- Film poster
- Directed by: Michael Nader
- Written by: Michael Nader
- Produced by: Michael Nader; Jordan Hayes; Max Topplin;
- Starring: Jordan Hayes; Max Topplin;
- Cinematography: Jordan Kennington
- Edited by: Michael Nader
- Music by: Torin Borrowdale
- Distributed by: Lionsgate
- Release date: October 2020 (BiFan);
- Country: Canada
- Language: English

= The Toll (2020 film) =

Canadian thriller film

The Toll is a 2020 Canadian horror thriller film directed by Michael Nader. The film stars Jordan Hayes and Max Topplin, with James McGowan and Rosemary Dunsmore in supporting roles. It follows a young woman (Hayes) who, after hailing a late-night ride-share, finds herself trapped with a strange driver (Topplin) on a deserted road, as the two become targets of a mysterious and malevolent force known as "The Toll Man".

The Toll premiered at the 2020 Bucheon International Fantastic Film Festival and the South by Southwest Film Festival. This was followed by a limited release and later became available on video on demand platforms due to the COVID-19 pandemic, which impacted its wider theatrical release. The film received mixed reviews from critics, with the performances of Hayes and Topplin receiving praise, while its screenplay and pacing received criticism.

==Plot==
Spencer, a socially awkward driver, and Cami, a weary passenger, attempt to reach their destination while being haunted by a supernatural entity known as the Toll Man. As they wander through the woods, the Toll Man begins to manipulate their minds. While they are outside their car, an old woman driving a tractor approaches them and explains the Toll Man's ability to sense death. Cami pleads with the woman to contact the police and her father, but the woman insists it will be of no help.

The two decide to take a detour they had passed earlier. Along the way, Cami, increasingly unnerved, discovers an old house that both she and Spencer recognize. Inside, they find screens and a camera. Cami sits in front of the camera, and a video appears, showing a man and a woman. The woman reveals that Spencer will murder Cami.

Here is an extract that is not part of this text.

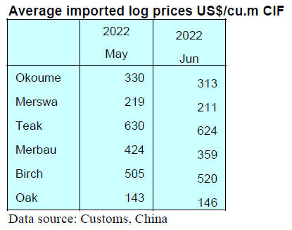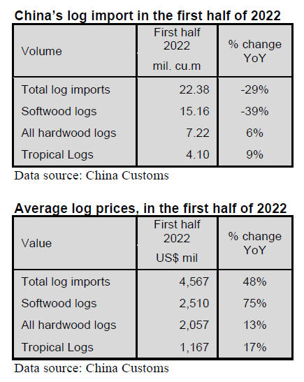 logs in the first half of 2022 was US$285 (CIF) per cubic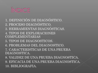 El documento describe el proceso de diagnóstico médico, incluyendo la definición de diagnóstico, las herramientas y tipos de exploraciones utilizadas, y los tipos y características de los diagnósticos. El proceso de diagnóstico implica el análisis y la síntesis de la información obtenida a través de la anamnesis, la exploración física y las pruebas complementarias para identificar la enfermedad del paciente. Un buen diagnóstico debe ser válido, reproducible y seguro.

As the camera feed shows Spencer picking up a knife, Cami grabs a gun left on the table. They recall the old woman's warning that if the Toll Man cannot see them, he cannot enter their minds. The two return to the car and cover it with dark bags to obscure themselves.

However, they soon realize that only one of them must die. Spencer suddenly attacks Cami, attempting to assault her. In self-defense, Cami kills Spencer, just as her father arrives at the scene as the credits begin to roll.

==Cast==
- Jordan Hayes as Cami
- Max Topplin as Spencer
- James McGowan as Neil
- Rosemary Dunsmore as Lorraine
- Sarah Camacho as Girl

==Release==
On February 9, 2021, Lionsgate announced that The Toll would be released on Blu-ray and DVD on March 30, 2021.